Mir geht es darum, so weit wie möglich in Christus hineinzudringen, hinein in seine Leiden und seine Kraft, hinein in das Licht seiner Erkenntnis. Denn ich habe in Wahrheit gelernt, alles für Verlust zu achten gegen die Vorzüglichkeit von Gottes Erkenntnis. An Bord der „Tordenskiold“ gab Gott mir Sieg, indem ich den Kampf aufnahm. Hier an Bord gibt er mir Sieg, indem ich für meine Überund Untergeordneten bete und dadurch, dass ich da schweige, wo ich sonst schlug. Sieg gibt Gott auf alle Weise. Der Kampf kann auf vielerlei Weise geführt werden, doch der Sieg und der Kampfpreis werden errungen, sei es auf die eine oder die andere Weise. Je tiefer wir in Christus eindringen, desto ausgedehnter und tiefgreifender wird unser Dienst in ihm. Wir werden zu dem von Gott bestimmten Dienst aufbewahrt, denn miniert man flach, sprengt man an der Oberfläche. Doch miniert man tief, dann sprengt man tief. Gott hat noch nie jemanden beschämt, aber je größer die Aufgabe, umso größer die Ausbildung und desto langwieriger die Ausbildung. Wir selbst jedoch sind Gottes Werk. Wir müssen einen Unterschied machen zwischen Gottes Werk in uns und unserer Aufgabe in Christus. Der Töpfer muss zuerst das Gefäß herstellen, ehe das Gefäß nützlich werden kann. Je feiner das Gefäß, desto mehr Arbeit an ihm und desto mehr Zeit. Doch zu desto größerer Ehre ist es für den Töpfer, der es hergestellt hat. Die Person wird entsprechend ihrem Werk geehrt. Darum wird Gott am meisten geehrt, wenn wir uns weitestmöglich umgestalten lassen. Unser Leben wird dann zur Verherrlichung Gottes, so wie es das Leben Christi war. Wenn wir Gott ehren, dann wird Gott uns ehren; denn wir werden dem Maß unserer Umgestaltung entsprechend geehrt. Unser ganzes Leben muss aus einer Aneinanderreihung von Siegen bestehen. Niemand darf uns zu stark werden. Wir müssen siegen, wenn wir geschlagen werden, und siegen müssen wir, wenn wir schlagen, denn der Gerechte schlägt zum Leben. Wir haben einen persönlichen Gott und eine persönliche Verantwortung, weshalb wir ihm allezeit wohlgefällig sein müssen, es sei durch unser Leben oder durch unseren Tod. Denn leben wir, so leben wir dem Herrn, oder sterben wir, so sterben wir dem Herrn. Und ob wir leben oder sterben, befinden wir uns im Leib. Daher heißt es: die Entschlafenen in Christus.

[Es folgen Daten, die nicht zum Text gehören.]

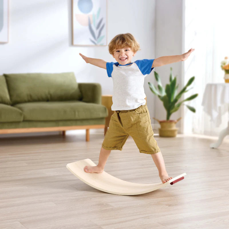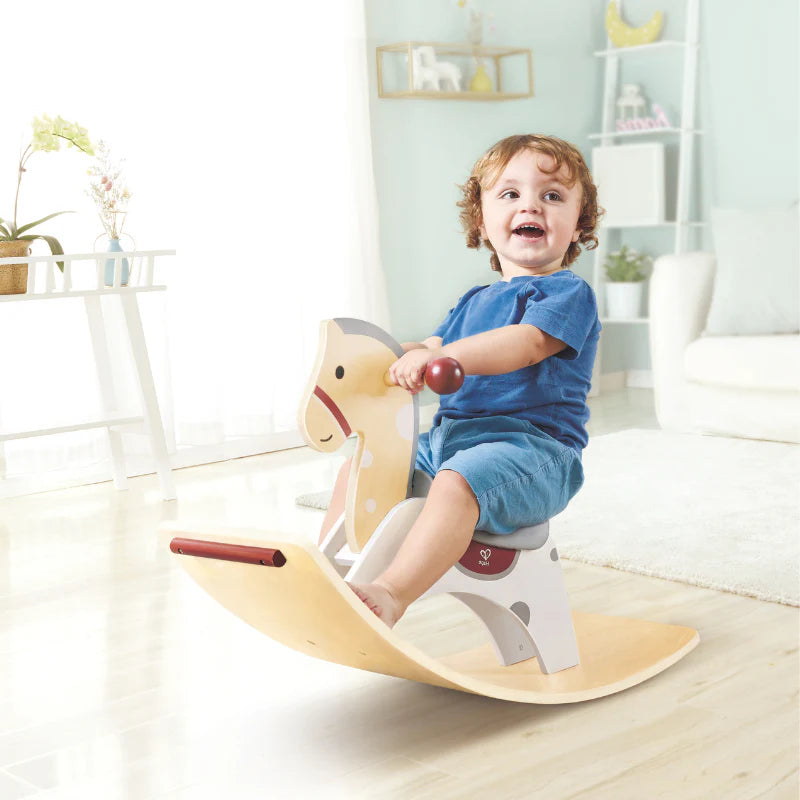 Con un asiento cómodo, manijas fáciles de agarrar y un hermoso diseño, la base curva del caballo se puede usar como una tabla de equilibrio cuando se quita el caballo.

Gott will dein Leben und Wirken bestimmen. Überlass nur alles ihm, sei ihm in allem gehorsam, ohne zu fragen warum, denn das Trachten des Geistes ist Friede und Freude im Heiligen Geist – dies ist das Erkennungszeichen für den Willen Gottes.
Ich bin nun an Bord und sitze in der Kabine und schreibe diesen Brief. Es ist das erste Mal, dass ich an Bord eines Schiffes einen Raum für mich alleine habe, aber wie angenehm das ist! Du nennst einige, die nicht mithalten können. Durch solche Leute soll man sich nicht aufhalten lassen, sie stören mehr als dass sie zum Nutzen sind. Immer sind sie über 100 Dinge beleidigt. Nie kann man alle ihre Forderungen und Ansprüche zufriedenstellen. Sie haben ihre Zeit und spielen ihre Rolle. Wir haben solche auch in Horten. Doch sie machen keine Fortschritte. Man kann sie gut als Nichten und Neffen der falschen Freiheit bezeichnen, denn auch diese wichen dadurch ab, dass sie Feinde des Kreuzes Christi waren. Wenn die Frucht reif ist, fällt sie ab. So werden auch diese abfallen, wenn sie reif sind. Bis dahin kann man sich nur selbst rein bewahren von diesen Gefäßen der Unehre.
Nun will ich für diesmal schließen mit einem lieben Gruß an dich und alle zuhause, Helga, Br. Gerrard und Anna mit Zeph. 3, 12.